We use eight math word problem (MWP) datasets as our testbed. AddSub, SingleEq, SVAMP, and GSM8K are classical MWP datasets in which some of the problem descriptions contain irrelevant conditions. GSM-IC2-1K and GSM-ICM-1K are challenging datasets that require multi-step reasoning, and each problem description contains irrelevant conditions. AQuA and MATH are more challenging datasets that contain problems from high school competitions. We compare our proposed I3C-Select prompting method with two types of prompting baselines: (1) Zero-shot baselines. We include Zero-Shot-CoT, PS, Instruct-CoT, and Direct. The Direct baseline uses the prompt "The answer is" to get the final answer. (2) Few-shot baselines.
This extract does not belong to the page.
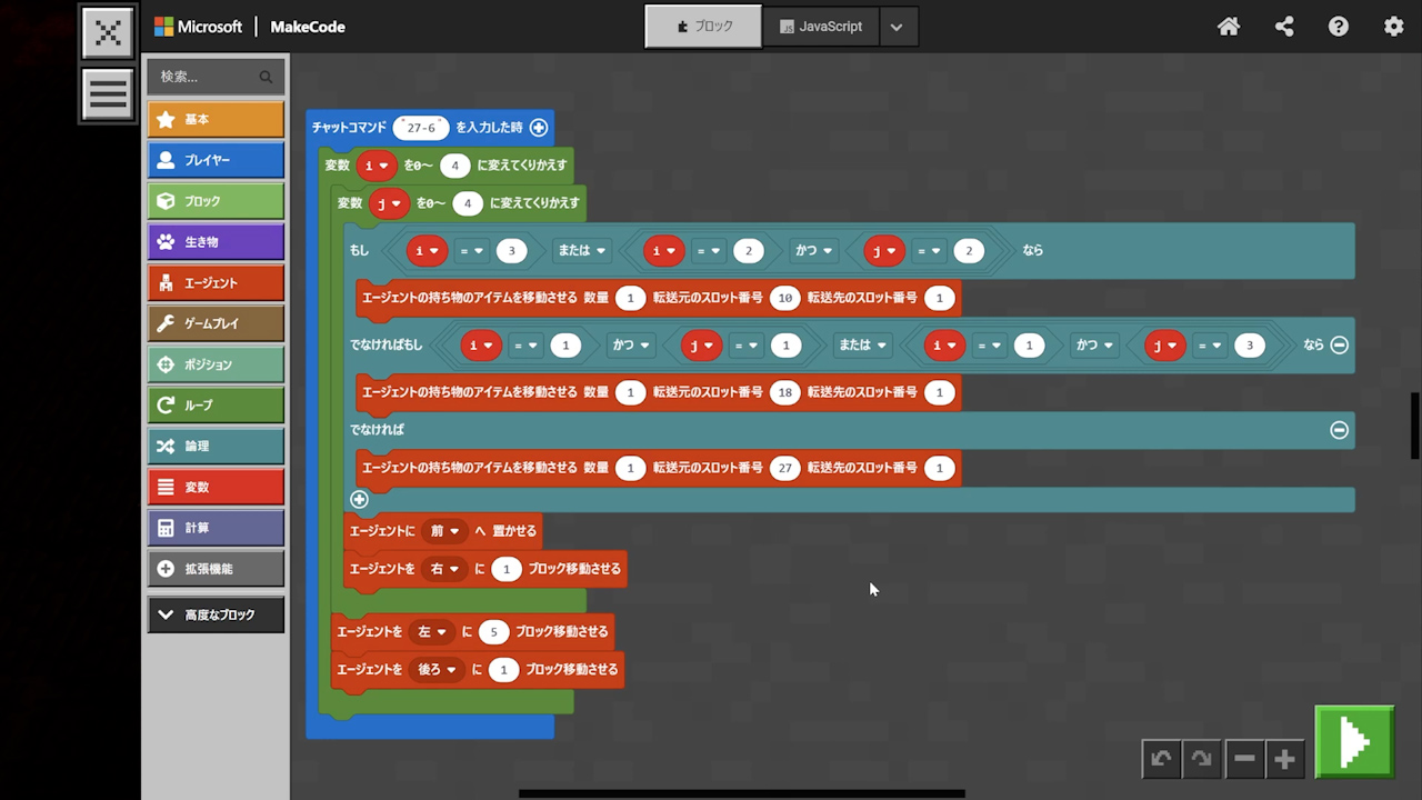 - エージェントのアイテム欄に注意! ブロックがなくなっていないか、減っていないかをよく確認する。

We include Manual-CoT, Complex-CoT, PAL, and Auto-CoT. The demonstrations of these baselines are from their original papers.
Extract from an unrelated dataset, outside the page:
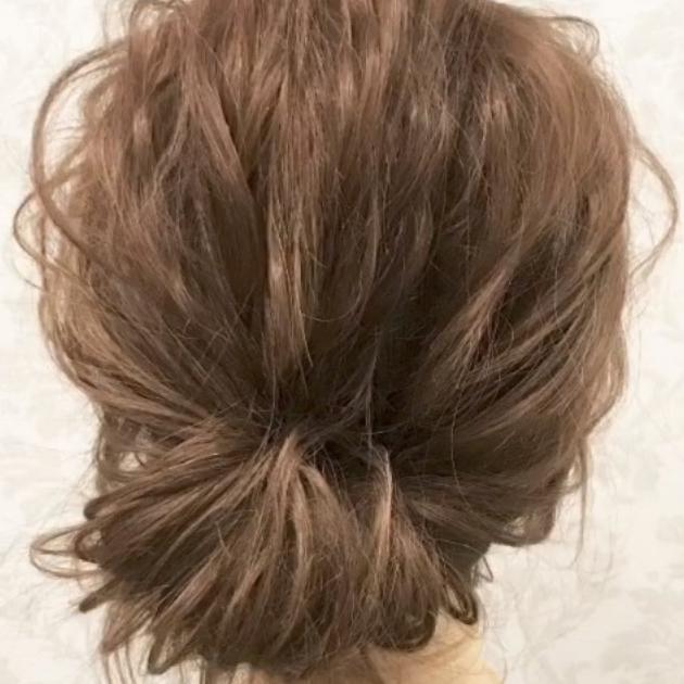 ダブルくるりんぱで作る、簡単まとめ髪。ルーズにほぐした髪の毛がこなれ感を演出してくれます!

GPT-3 (text-davinci-003) | AddSub | SVAMP | GSM8K | SingleEq | GSM-IC2-1K | GSM-ICM-1K | AQuA | MATH |
Direct | 89.3 | 65.2 | 15.0 | 84.6 | 22.8 | 9.0 | 28.7 | 7.6 |
Direct + I3C | 92.4 (+3.1) | 74.5 (+9.3) | 49.7 (+34.7) | 92.7 (+8.1) | 82.6 (+59.8) | 66.9 (+57.9) | 36.2 (+7.5) | 11.3 (+3.7) |
Zero-Shot-CoT | 84.8 | 74.3 | 60.8 | 89.5 | 70.7 | 62.5 | 40.5 | 12.4 |
Zero-Shot-CoT + I3C | 91.7 (+6.9) | 75.9 (+1.6) | 61.3 (+0.5) | 93.7 (+4.2) | 84.7 (+14.0) | 71.4 (+8.9) | 45.7 (+5.2) | 17.9 (+5.5) |
PS | 88.1 | 72.0 | 58.2 | 89.2 | 70.9 | 63.5 | 38.1 | 13.7 |
PS + I3C | 91.4 (+3.3) | 75.6 (+3.6) | 61.1 (+2.9) | 93.1 (+3.9) | 84.8 (+13.9) | 69.4 (+5.9) | 43.6 (+5.5) | 18.2 (+4.5) |
Instruct-CoT | 90.4 | 76.3 | 57.8 | 91.1 | 82.4 | 64.3 | 44.5 | 16.1 |
Instruct-CoT + I3C | 91.8 (+1.4) | 77.0 (+0.7) | 61.0 (+3.2) | 92.7 (+1.6) | 84.7 (+2.3) | 71.3 (+7.0) | 46.3 (+1.8) | 21.3 (+5.2) |
Manual-CoT | 87.8 | 76.7 | 56.9 | 91.3 | 73.9 | 60.6 | 44.0 | 15.6 |
Manual-CoT + I3C | 92.9 (+5.1) | 80.1 (+3.4) | 61.6 (+4.7) | 93.9 (+2.6) | 82.0 (+8.1) | 66.1 (+5.5) | 49.1 (+5.1) | 19.8 (+4.2) |
Auto-CoT | 90.6 | 77.8 | 58.9 | 90.9 | 74.3 | 65.2 | 47.2 | 16.3 |
Auto-CoT + I3C | 93.7 (+3.1) | 80.0 (+2.2) | 61.9 (+3.0) | 93.5 (+2.6) | 83.9 (+9.6) | 68.2 (+3.0) | 51.5 (+4.3) | 22.5 (+6.2) |
Complex-CoT | 88.9 | 78.0 | 67.7 | 92.7 | 75.3 | 66.5 | 48.8 | 17.4 |
Complex-CoT + I3C | 92.8 (+3.9) | 80.0 (+2.0) | 70.6 (+2.9) | 94.0 (+1.3) | 87.1 (+11.8) | 83.6 (+17.1) | 53.2 (+4.4) | 23.1 (+5.7) |
I3C-Select (Ours) | 93.9 | 80.3 | 72.6 | 94.3 | 93.7 | 90.9 | 57.1 | 28.5 |
Accuracy (%) comparison on eight MWP datasets. I3C indicates that instructs LLMs to identify and ignore irrelevant conditions. Adding the I3C instruction to CoT prompting methods effectively improves performance. Selecting the most confusing problems and their generated reasoning paths as demonstrations for few-shot learning (i.e., I3C-Select) achieves state-of-the-art performance on all eight MWP datasets.